STOATIE LIEKS CHOCOLATE MILK
07:42 / 04.03.03
Just finished "My Loose Thread", Dennis Cooper's latest novel, written in the aftermath of the Columbine shootings. Anyone else here a Cooper fan? If not, why the fuck not?

He's like a serious Palahniuk, or a gay Brett Easton Ellis. And "Period", despite its flimsiness, is an incredibly dense novel which does some great things with the form (and incidentally made me worry about how much time I spend on this board).

Mild spoiler alert...








Anyway, "My Loose Thread" is somewhat different, as it's his first novel to have a main character who "isn't" gay. Or at least is in serious denial. "I had sex with my brother. That doesn't mean I'm gay." he insists to a friend who also "hates" gay people, and who he has earlier aided in his rape of a male student.

It also, like pretty much all his books, made me spend it thinking "Hmm... it's good, but not his best", until I finish them and realise the impression they've made on me.

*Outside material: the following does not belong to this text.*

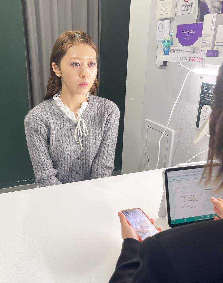「この日は、これまでの忙しさもたたって、赤みやニキビ跡も気になる状態でした……。施術台に横になると、明るいライトの下で、担当の方が肌状態を改めてチェック。そのうえで、今回の施術で使用する美容液やパックを提案してくれます。この瞬間は、仕上がりへの期待で、胸が膨らみます!」

Question- has anyone read his "Horror Hospital Unplugged" graphic novel or "All Ears: Criticism, Essays and Obituaries"? Are they any good? I've read all his novels, and "Wrong", his short story collection, and (not to diss "Wrong" or anything- it is bloody good) novels seem to suit him best. I'm interested to see how he copes with other forms.
 
 
Cat Chant
09:07 / 04.03.03
Huge, ravening Dennis Cooper fan since the day my 17yo self threw Frisk across a room and walked out because I couldn't stand to be in the same space as it any longer. (I came back, naturally.)

Will talk about My Loose Thread in more detail when I have time: for the moment, just: yes, he's in a completely different league. (Mind you, I thought that with his last 2 novels as well -Guide and Period).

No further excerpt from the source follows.